I have a dataset which contains lots of data on customers and their actions within their journey through our business, one of these actions is how many of our events they have attended, another action is whether they have made a purchase from us. I am testing the hypothesis that attending an event makes someone more likely to make a purchase.
For this problem I used the following hypotheses: H_0: There is no difference in the percentage of people to make a purchase between the two groups. H_1: The percentage of people to make a purchase for those that have attended an event is higher than for those that haven't.
To test these hypothesis I produced a contingency table as shown below:
|Made a purchase||Didn't make a purchase|
|Attended an event||190||1350|
|Didn't attend an event||983||15588|
And then used the scipy.stats function 'chi2_contingency()' to do a test of independence. I thought it was right to either use the Chi-Squared test or Fisher's exact test but since the sample size is quite large then Chi-Squared was more suitable:
chistat, pvalue, dof, ex = chi2_contingency(cont_df) print(chistat, pvalue)

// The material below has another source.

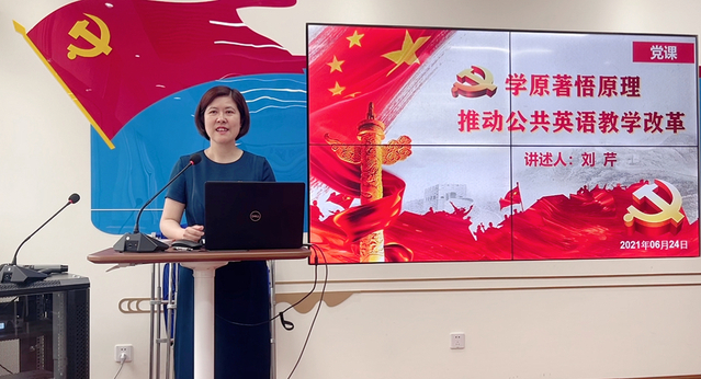 为庆祝中国共产党百年诞辰,进一步推动“四史”学习教育走深走实,6月24日上午8:30,公共英语教研中心教师党支部在必赢3003no1线路检测中心党员活动室举办了题为“学原著,悟原理,推动公共英语教学改革”专题党课。党课由学院党委副书记刘芹院长和支部书记陈征老师主讲。

This then gave the output:
Which I thought showed that when using significance level of 0.05 there was a statistically signifcant difference between the probability to make a trade between the group that attended an event and the group which didn't, hence rejecting the null hypothesis.
This is my first time applying hypothesis testing to a real world problem and so would appreciate if anyone could point out any flaws in my process/understanding. My main issue with it lies in the fact that people who are going to attend an event are presumably already more likely to make a purchase, so this doesn't necessarily prove any causality between the two variables. As well as this, would it not be better to have a control group which didn't even have the option of attending an event i.e. did receive an email from us advertising the event. Then performing a test using one group as those that were aware of the events, and one of those that weren't and see if there is a statistically significant difference in purchase conversion between those two groups?